Quantum Reinforcement Learning

Reinforcement learning (RL) underpins many modern decision-making systems, from robotics and resource scheduling to adaptive control and autonomous agents. However, as problem complexity grows, classical RL can become bottlenecked by high-dimensional state spaces, expensive policy evaluation, and slow exploration in large action spaces. This project investigates Quantum Reinforcement Learning (QRL) as a principled route to accelerate or enhance RL pipelines by leveraging quantum representations and quantum-assisted optimization, while remaining compatible with near-term (NISQ) hardware through hybrid quantum–classical training loops.

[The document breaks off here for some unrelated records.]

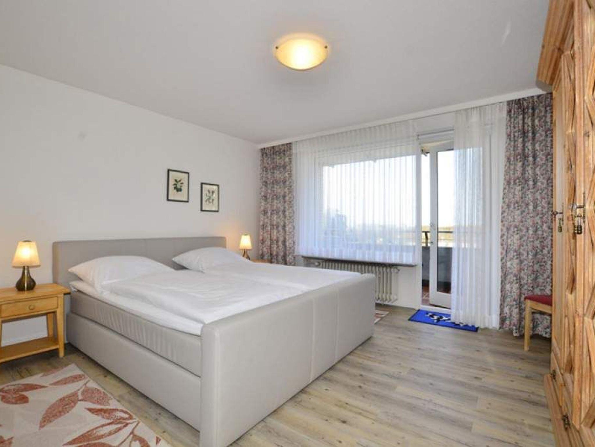 Komfortable 2-Zimmer-Nichtraucher-Ferienwohnung, ca. 65 qm in der 2.-ten Etage zur Seeseite mit 2 Westloggien (Nachmittagssonne, mit Balkonmöbeln und Auflagen) für max. 4 Personen.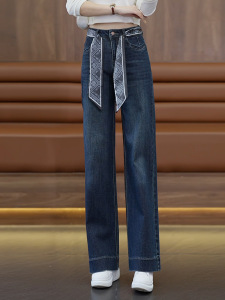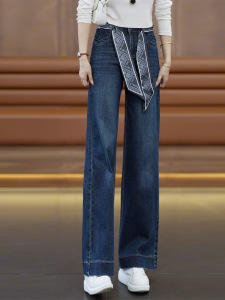 丝巾高腰宽松牛仔窄版阔腿裤2025年新款秋季女时尚百搭休闲直筒裤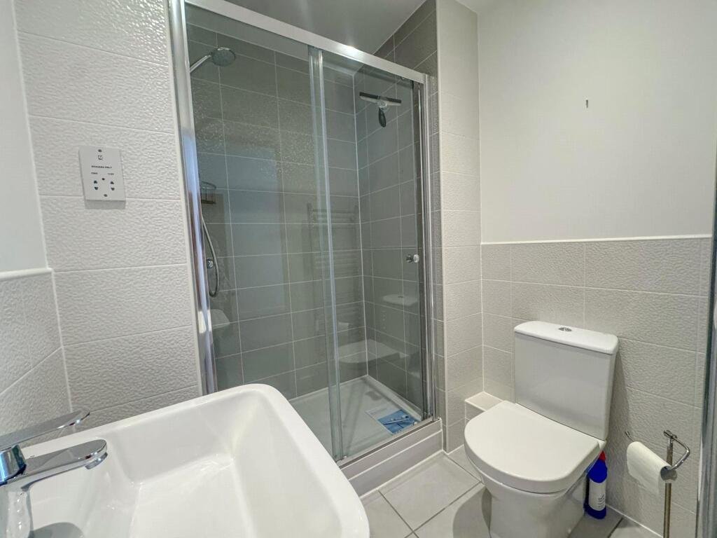 En-Suite – Partially tiled suite comprising WC with dual flush, wash hand basin, double shower cubicle, and heated towel rail.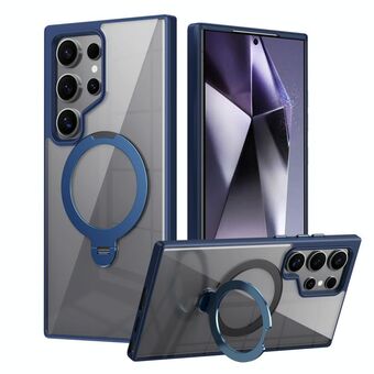 For Samsung Galaxy S24 Ultra 5G Transparent MagSafe Magnetic Rotating Ring Holder Phone Case(Blue)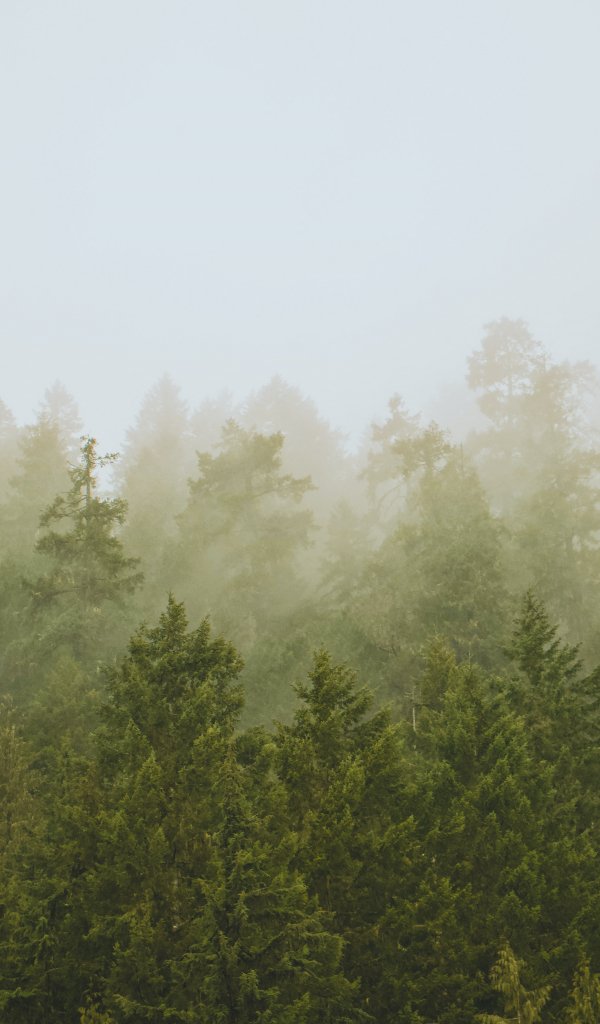 Обои: хвойный лес, туман - 600x1024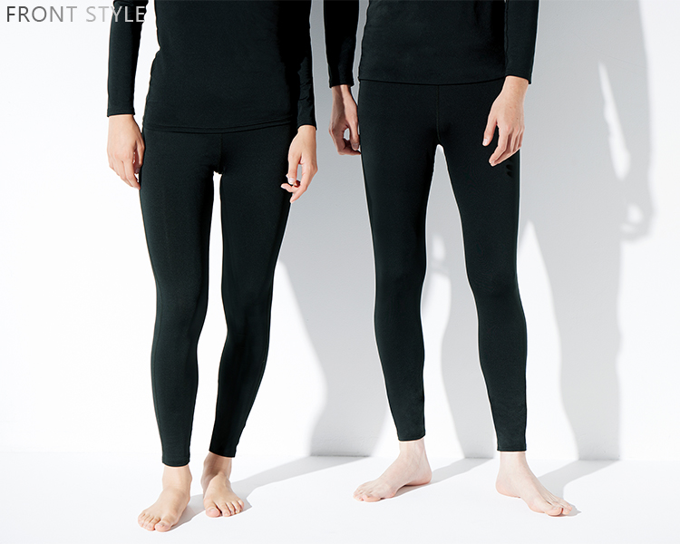 特殊セラミックの粉末が練りこまれた機能素材を使用。体から放射される遠赤外線を吸収し輻射することで保温効果を与えます。血行を促進し、疲労軽減をサポートします。軽くて薄く、ストレッチ性が高い上に、ウエストゴム仕様で着心地も快適です。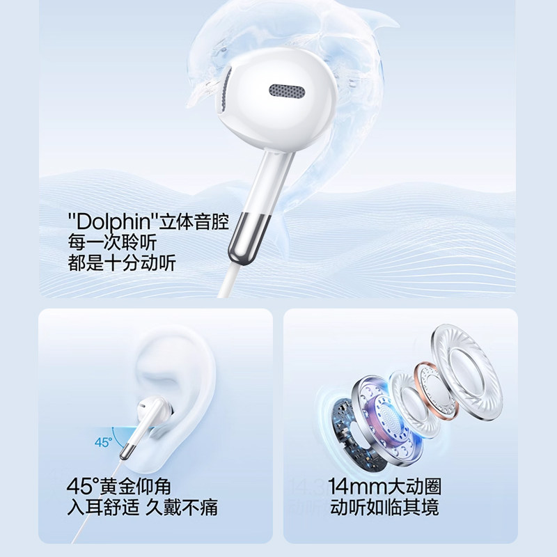 16promax高音质 typec适用iPhone苹果15 官方正品 有线耳机半入耳式
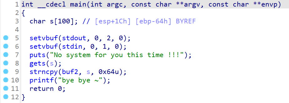 (思路:如果可执行,在gets函数获取自己编写的shellcode放入栈上的s处,顺便一直覆盖到返回地址,将main的返回地址覆盖成buf2的内存地址处。然后strncpy会将s处的shellcode放入buf2,在main返回时跳到buf2处执行shellcode。)
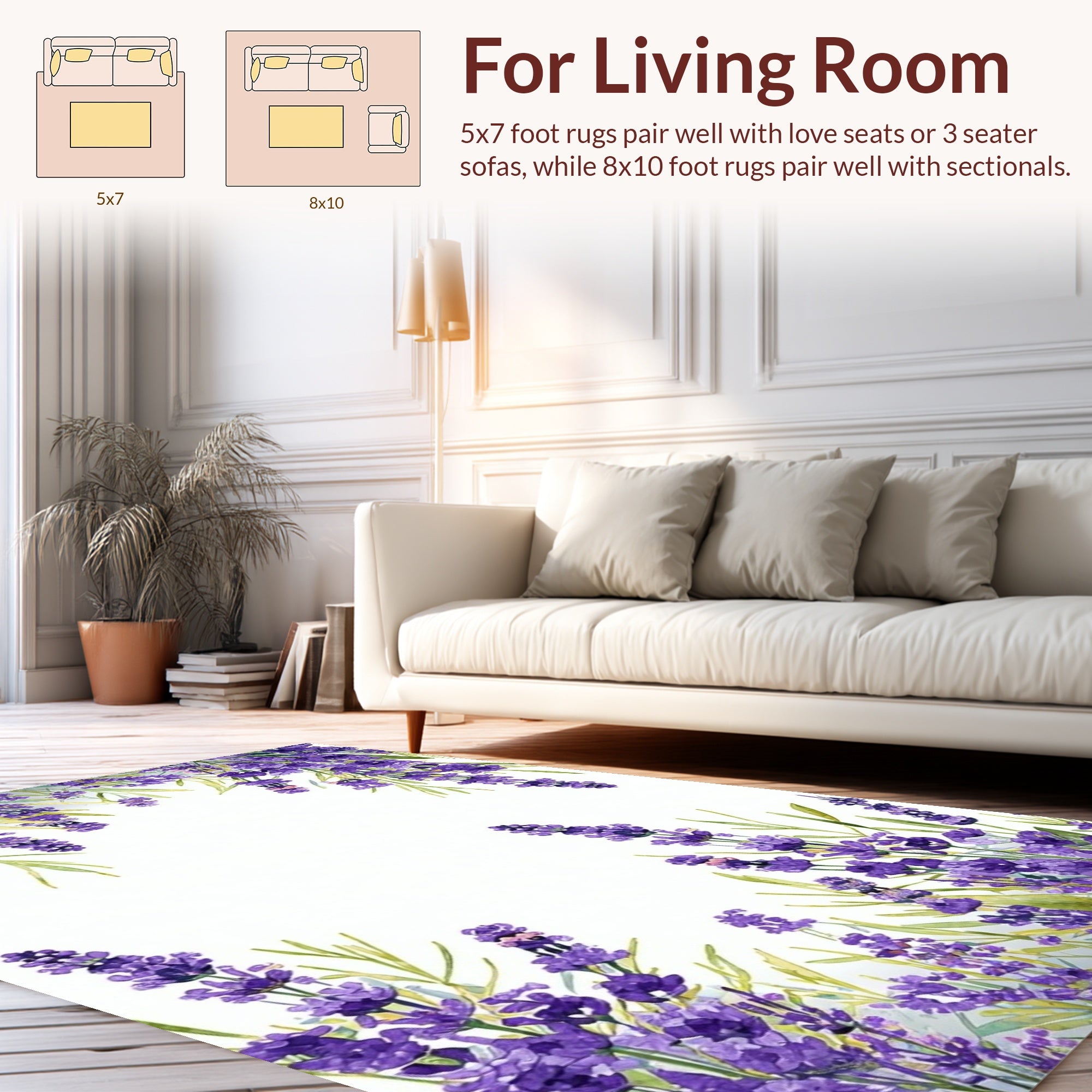 Flatwoven High Traffic Area Rug, Dreamy Floral Elegance, Non Slip, Stain Resistant, Washable Area Rugs for Living Room, Bedroom (Purple) Overview:

We will develop and benchmark quantum-enhanced RL agents that integrate parameterized quantum circuits (PQCs) as policy and/or value-function approximators, and explore quantum subroutines for components such as feature embedding, policy search, and exploration. The work will emphasize theoretical soundness, clearly specifying what is quantum, what remains classical, and how learning signals (returns, advantages, gradients) are estimated under realistic constraints such as finite sampling (“shots”) and device noise. We will evaluate performance using reproducible benchmarks and establish practical guidelines for when quantum components can provide measurable benefits (e.g., sample efficiency, expressivity under parameter constraints, robustness, or computational advantages in specific regimes).

The project aims to deliver (i) a coherent QRL framework suitable for real devices, (ii) open, reusable benchmarking code and protocols, and (iii) a set of well-characterized use cases, such as control, scheduling, and resource allocation, where QRL is most likely to offer value for next-generation intelligent systems.